﻿ 预测分析考试代考 ISE 529代写 回归模型代写 - 考试助攻, 预测分析代写

# 预测分析考试代考 ISE 529代写 回归模型代写

2022-05-09 11:30 星期一 所属： 考试助攻 浏览：340

## ISE 529 Predictive Analytics Exam 2

1.Visit the Titanic https://www.kaggle.com/c/titanic page on the Kaggle site. Read the Description and Evaluation items, then use the Data tab to download the csv files. Read the Overview.

The objective is to predict if a passenger would survived based on the features data.

Visit the Titanic Data Science Solutions page:

https://www.kaggle.com/startupsci/titanic-data-science-solutions

Spend sometime reading and running the Jupyter Notebook provided in that page.

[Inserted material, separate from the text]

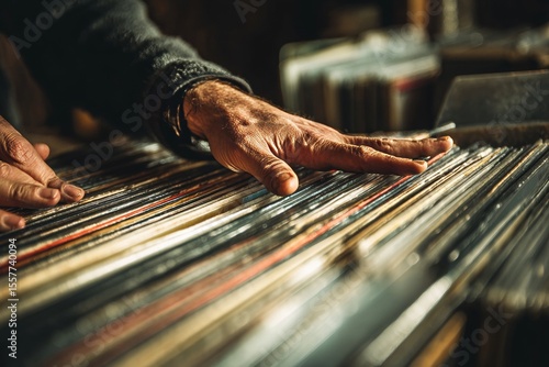 record, vinyl, hand, music, album, stack, collection, entertainment, audio, retro, vintage, media, sound, culture, lifestyle, browsing, searching, collecting, nostalgia, aged, melodic, song, disc, popular, information, passion, hobby, listening, groove, turntable, sleeve, man, closeup, texture

### a) (10 pts.)  预测分析考试代考

Use the train set to answer true or false to each of the following

• More than 75% passengers did not travel with parents or children
• 30 to 33% of passengers had siblings and/or spouse aboard
• Less than 1% of passengers paid a fare as high as 500 dollars
• Less than 1% of passengers are 65+ years old

### b) (20 pts.)

Fill NAs values as follows

• Drop columns PassengerID, Name, Ticket, Cabin.
• Fill NAs values in Embark with the most common category
• Fill NAs values in Fare with the median value in that column
• Fill NAs values in Age with the median value in each of Pclass x Gender combination

### c) (20 pts.)  预测分析考试代考

Perform the following Data cleaning and Feature Engineering steps for both the train and test files.

• Split column Age into 5 intervals (0, 16, 32, 48, 64, 100) (now categorical)
• Split column Fare into 4 intervals (0, 7.9, 14.5, 31, 600) (now categorical)
• Create column Size by adding values from columns SibSp, Parch, then drop them keeping the created column.
• Create binary column Alone with value 1 (if passenger travels alone) and 0 otherwise.

Use get_dummies to convert categorical to binary columns.

### d) (40 pts.)  预测分析考试代考

The test.csv file from kaggle does not include Survived. So split the train set into new train and test subsets. Use the train subset to fit the following models

• KNN
• Support Vector Classifier
• Logistic Regression
• Random Forest

Use GridSearchCV to fifind best hyperparameter values. Report the test accuracy rate (using the test subset). Try to improve the test accuracy rate (include polynomial and/or interaction terms or use other machine/satistical method or any other mean).

### e) (10 pts.)  预测分析考试代考

Submit your best predictions, on to Kaggle. Report your kaggle ID name, the date submitted and, the Score provided by Kaggle.